_EXTRACTED ENTRIES_:
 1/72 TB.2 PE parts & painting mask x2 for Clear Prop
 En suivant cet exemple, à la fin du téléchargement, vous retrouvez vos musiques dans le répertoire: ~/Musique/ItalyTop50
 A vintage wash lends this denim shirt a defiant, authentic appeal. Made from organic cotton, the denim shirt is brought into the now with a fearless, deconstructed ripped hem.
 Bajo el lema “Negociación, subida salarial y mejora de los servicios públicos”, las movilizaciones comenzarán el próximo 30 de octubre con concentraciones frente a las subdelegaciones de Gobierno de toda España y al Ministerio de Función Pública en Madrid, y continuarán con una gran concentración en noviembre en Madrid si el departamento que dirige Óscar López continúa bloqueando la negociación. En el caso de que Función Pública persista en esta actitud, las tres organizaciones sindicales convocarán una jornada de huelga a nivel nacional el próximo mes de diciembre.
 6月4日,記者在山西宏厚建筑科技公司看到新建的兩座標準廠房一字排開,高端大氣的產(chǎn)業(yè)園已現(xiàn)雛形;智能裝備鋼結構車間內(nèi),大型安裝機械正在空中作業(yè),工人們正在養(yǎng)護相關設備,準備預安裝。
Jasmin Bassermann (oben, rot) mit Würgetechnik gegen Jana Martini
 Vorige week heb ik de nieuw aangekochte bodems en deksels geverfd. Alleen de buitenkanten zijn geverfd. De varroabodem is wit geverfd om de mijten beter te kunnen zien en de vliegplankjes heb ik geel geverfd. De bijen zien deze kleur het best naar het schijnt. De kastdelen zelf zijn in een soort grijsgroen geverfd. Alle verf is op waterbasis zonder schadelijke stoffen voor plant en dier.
* * *
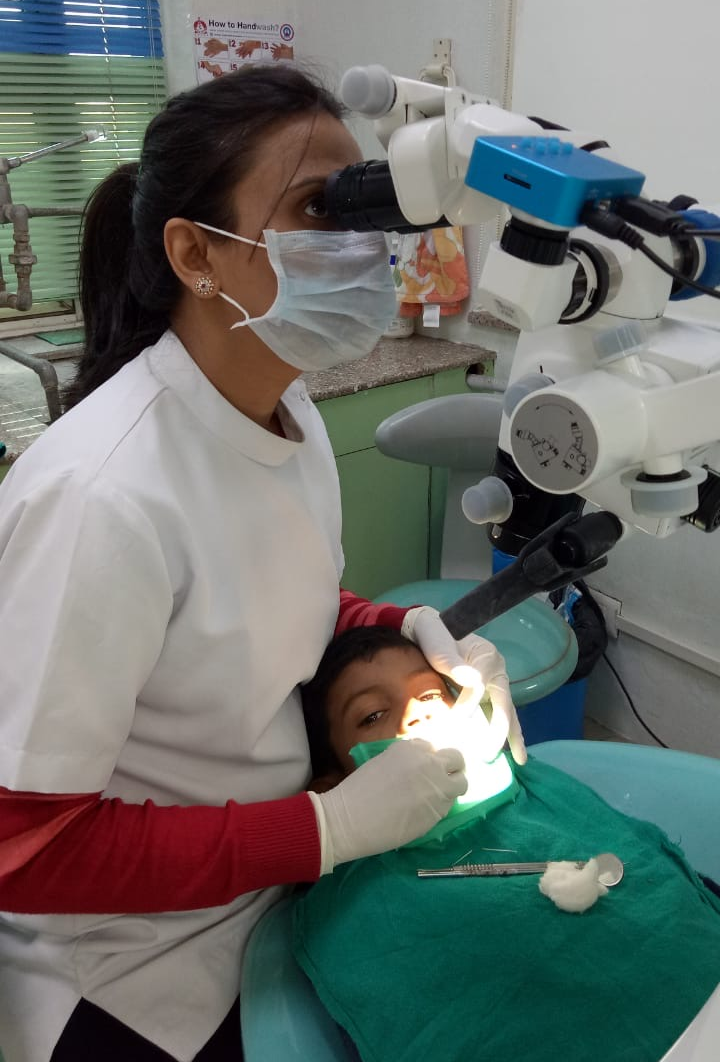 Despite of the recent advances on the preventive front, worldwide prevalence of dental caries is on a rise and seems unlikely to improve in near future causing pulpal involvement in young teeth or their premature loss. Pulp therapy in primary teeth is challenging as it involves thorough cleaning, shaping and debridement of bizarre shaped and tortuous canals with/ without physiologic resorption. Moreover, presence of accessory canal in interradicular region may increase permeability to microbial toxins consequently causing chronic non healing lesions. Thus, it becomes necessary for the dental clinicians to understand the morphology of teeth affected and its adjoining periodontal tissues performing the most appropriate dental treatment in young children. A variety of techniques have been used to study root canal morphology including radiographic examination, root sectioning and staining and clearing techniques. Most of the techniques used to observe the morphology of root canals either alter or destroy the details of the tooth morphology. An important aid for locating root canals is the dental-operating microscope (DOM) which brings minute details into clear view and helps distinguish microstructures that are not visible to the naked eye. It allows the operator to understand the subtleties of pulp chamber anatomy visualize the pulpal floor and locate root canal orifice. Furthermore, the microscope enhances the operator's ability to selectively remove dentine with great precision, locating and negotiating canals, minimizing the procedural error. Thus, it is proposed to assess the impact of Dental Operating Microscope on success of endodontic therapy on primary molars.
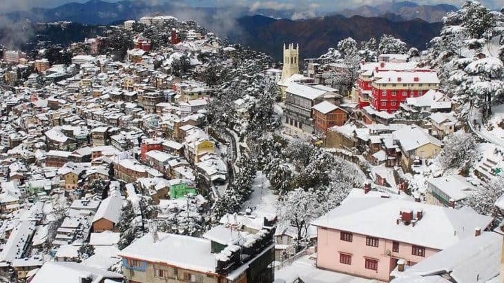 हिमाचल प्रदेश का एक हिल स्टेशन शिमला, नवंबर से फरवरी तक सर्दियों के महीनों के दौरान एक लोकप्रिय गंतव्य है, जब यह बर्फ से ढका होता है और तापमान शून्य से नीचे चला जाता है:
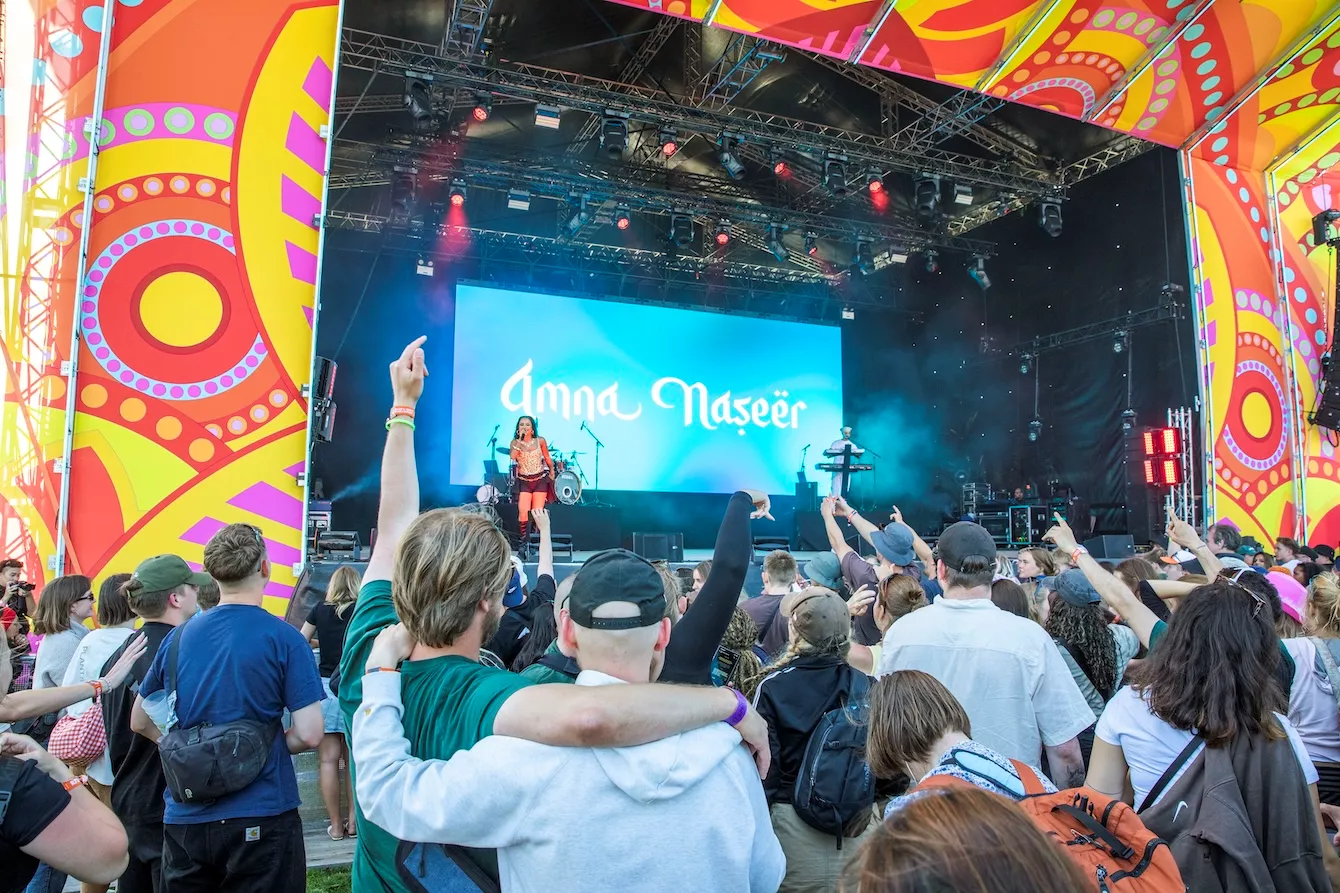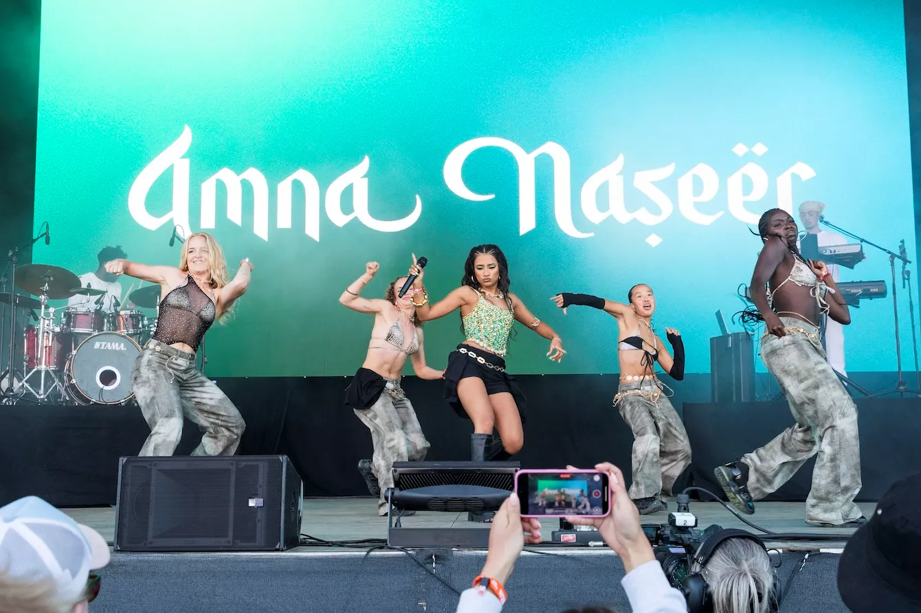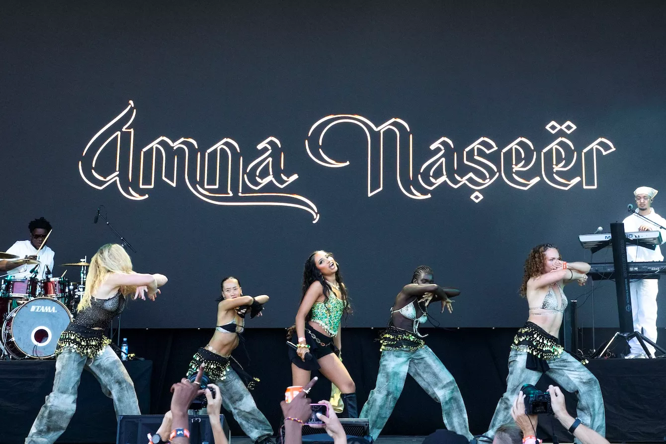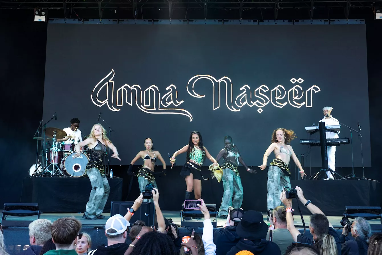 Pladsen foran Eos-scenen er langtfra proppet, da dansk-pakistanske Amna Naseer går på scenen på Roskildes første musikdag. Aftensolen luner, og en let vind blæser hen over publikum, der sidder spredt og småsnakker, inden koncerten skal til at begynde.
---
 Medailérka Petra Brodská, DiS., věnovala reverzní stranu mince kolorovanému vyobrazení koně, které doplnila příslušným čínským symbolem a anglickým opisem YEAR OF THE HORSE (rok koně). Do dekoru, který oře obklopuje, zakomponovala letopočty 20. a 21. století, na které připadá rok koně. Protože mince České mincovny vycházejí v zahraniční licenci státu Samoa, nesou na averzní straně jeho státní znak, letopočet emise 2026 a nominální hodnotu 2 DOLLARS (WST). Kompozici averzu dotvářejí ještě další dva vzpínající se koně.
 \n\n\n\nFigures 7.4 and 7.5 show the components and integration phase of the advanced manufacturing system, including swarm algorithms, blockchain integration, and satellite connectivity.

_WORK TASK_: Beginning at the line with "1/72 TB.2 PE" and ending at the line with "A vintage wash", reproduce each line of the data above exactly, and add no other lines.

_RESULT_:
 1/72 TB.2 PE parts & painting mask x2 for Clear Prop
 En suivant cet exemple, à la fin du téléchargement, vous retrouvez vos musiques dans le répertoire: ~/Musique/ItalyTop50
 A vintage wash lends this denim shirt a defiant, authentic appeal. Made from organic cotton, the denim shirt is brought into the now with a fearless, deconstructed ripped hem.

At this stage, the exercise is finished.